Whereas the reality does not change, things evolve, move, interact as they do, the definition of state thereupon changes with the definition of the properties we apply to describe these things. The objective thing is the observation, the "state" an extrapolation of the latter. To start constructing a state, which in the sequence is observed, turns to my opinion things upside down. The lid is removed in the course of the measurement in order to measure thedimension without lid, and it was not observed that the lid was removed before the observation. The latter has a completely different status, a "criminalistic one": Who put down the lid?
Once the state is produced by the activity to measure, it does not have an ontological identity of its own.

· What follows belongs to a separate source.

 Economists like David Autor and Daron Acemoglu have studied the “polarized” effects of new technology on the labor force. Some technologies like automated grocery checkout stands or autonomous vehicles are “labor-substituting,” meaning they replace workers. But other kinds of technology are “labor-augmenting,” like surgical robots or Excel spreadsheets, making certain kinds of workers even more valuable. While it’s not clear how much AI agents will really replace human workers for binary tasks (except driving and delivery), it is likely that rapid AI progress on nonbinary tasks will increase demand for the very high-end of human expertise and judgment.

Further, all the positions the lid can have wrt the container are continuous in space. The is nothing to mark
a specific position which everybody would recognize as being distinct from all others. Only by specifying artificially a position range as "lid open", it can be described and observed. Any definition of "lid-open-ness" produces another state on the very same unambiguous reality. Measuring the container without the lid may not even require removing the lid at all.

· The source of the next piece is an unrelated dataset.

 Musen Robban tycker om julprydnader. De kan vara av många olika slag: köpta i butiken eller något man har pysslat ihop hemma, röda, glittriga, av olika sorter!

Therefore, I'd say your solution is not as effective or necessary to describe the respective measurement.
"States" are a "treacherous" concept in a world which we all very well know is never anywhere at rest. The art of ontology engineering is using the concepts that produce the most robust identities as reference under change of context and purpose, and not what we regard as the most analytical ones. We are all tempted in this culture to try to describe the world exhaustively by atomic elements, but no one has ever succeeded to do so .
Comments?
Posted by Robert on 11/4/2017
As in physics, you can know either the state of objects in the universe or the forces that act upon them, but never both ( The proposal takes the former as more valuable for the work that we are attempting to do – describe the state of objects in our care either for conservation purposes or for simple descriptive purposes. The CRM seems to try to model the ephemeral forces, to the exclusion of the things being acted upon.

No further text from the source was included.